Comment by MK_Dev

7 days ago

This is a pretty cool idea and implementation. Any more details on the tech stack you guys are using (besides `browser-use`)?

Thank you! We have a fork of browser-use that lets us hand hold web agents since we know our tasks are repetitive. We can cache expected paths and fire alerts if we go off the rails. We'd love to contribute it back at some point, mainly a question of bandwidth.

We're evaluating Cua (https://www.ycombinator.com/companies/cua) to containerize our agents; am a fan so far. We're also putting Computer Use agents from (OAI and Anthropic) to the test. Many legacy ERPs don't run in the browser and we have to meet them there. I think we're a few months away from things working reliably and efficiently.

We're evaluating several of the top models (both open and closed) for browser navigation (claude's winning atm) and PDF extraction. Since we're performing repetitive tasks, the goal is make our workflows RL-able. Being able to rely on OSS models will help a lot here.

We're building our own data sets and evaluations for many of the subtasks. We're using openai's evals (https://github.com/openai/evals) as a framework to guide our own tooling.

Apart from that, we write in Typescript, Python, and Golang. We use Postgres for persistence (nothing fancy here). We host on AWS, and might go on premises for some customers. We plan on investing a lot into our workflow system as the backbone of our product.

I prefer open source when possible. Everything's new and early, and many things require source changes that others might not be able to prioritize.

Edit - one thing I'd love to find a good solution for is reliably extracting handwriting from PDF documents.
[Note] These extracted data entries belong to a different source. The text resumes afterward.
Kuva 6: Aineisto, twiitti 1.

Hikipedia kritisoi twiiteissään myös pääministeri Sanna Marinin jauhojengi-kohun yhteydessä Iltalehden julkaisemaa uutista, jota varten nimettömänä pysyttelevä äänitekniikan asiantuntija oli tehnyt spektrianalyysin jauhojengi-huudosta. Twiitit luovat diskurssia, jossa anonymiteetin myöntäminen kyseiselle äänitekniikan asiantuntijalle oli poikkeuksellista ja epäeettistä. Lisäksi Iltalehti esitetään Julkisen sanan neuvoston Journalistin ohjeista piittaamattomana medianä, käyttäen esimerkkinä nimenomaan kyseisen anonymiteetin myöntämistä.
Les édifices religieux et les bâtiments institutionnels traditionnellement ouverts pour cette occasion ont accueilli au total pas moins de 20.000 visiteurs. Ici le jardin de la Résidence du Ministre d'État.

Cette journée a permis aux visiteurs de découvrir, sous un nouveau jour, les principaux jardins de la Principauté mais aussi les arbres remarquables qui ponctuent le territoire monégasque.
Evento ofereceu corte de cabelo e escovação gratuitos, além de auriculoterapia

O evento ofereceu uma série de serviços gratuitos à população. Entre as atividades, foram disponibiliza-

Clinicians have to do this a ton to keep the trains running on time, and being able to digitize that knowledge on the go will be huge.

Very open to ideas here. We're seeing great tools and products come up by the day, including from our own YC batch.
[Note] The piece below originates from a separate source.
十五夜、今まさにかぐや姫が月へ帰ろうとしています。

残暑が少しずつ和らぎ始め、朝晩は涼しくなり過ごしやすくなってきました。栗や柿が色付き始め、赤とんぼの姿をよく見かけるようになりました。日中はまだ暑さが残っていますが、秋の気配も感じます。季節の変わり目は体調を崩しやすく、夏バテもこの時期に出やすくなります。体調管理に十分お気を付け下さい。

  • what made you fork browser-use? what were the missing bits? your use case sounds similar to what they're trying with their new workflow-use repo (I am not affiliated with them, just curious)
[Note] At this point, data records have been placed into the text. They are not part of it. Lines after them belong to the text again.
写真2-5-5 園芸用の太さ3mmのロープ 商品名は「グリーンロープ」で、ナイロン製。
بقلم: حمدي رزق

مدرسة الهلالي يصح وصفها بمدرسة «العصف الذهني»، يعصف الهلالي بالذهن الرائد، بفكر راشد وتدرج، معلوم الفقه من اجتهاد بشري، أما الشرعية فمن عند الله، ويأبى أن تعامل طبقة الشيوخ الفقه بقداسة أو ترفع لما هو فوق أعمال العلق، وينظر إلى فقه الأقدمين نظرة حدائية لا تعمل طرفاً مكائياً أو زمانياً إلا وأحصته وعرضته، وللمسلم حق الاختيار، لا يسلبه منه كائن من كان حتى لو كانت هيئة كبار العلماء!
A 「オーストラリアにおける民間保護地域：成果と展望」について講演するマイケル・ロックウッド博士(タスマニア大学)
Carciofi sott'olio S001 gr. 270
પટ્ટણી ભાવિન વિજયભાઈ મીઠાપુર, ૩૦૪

    • It's a great repo! We had issues with iframes and framesets (which are old DOM tags) we had to write custom code for. Some DOMs need annotation to provide meaning to an LLM (for example, a button is clearly an "add demographics" button to the human eye, but is ambiguous in the DOM (ul contains li...). Some bottlenecks in navigation required manual attention. We keep those to a minimum. I think the future is being able to progress from highly deterministic JS code, to more agentic LLM-driven decisions. One does need to be able to control this for performance, cost, and accuracy. And yes we have some overlap with workflow-use's direction, but I hope that more such OSS methods gain popularity! It'd simply mean we can go after higher value and more complex clinical tasks!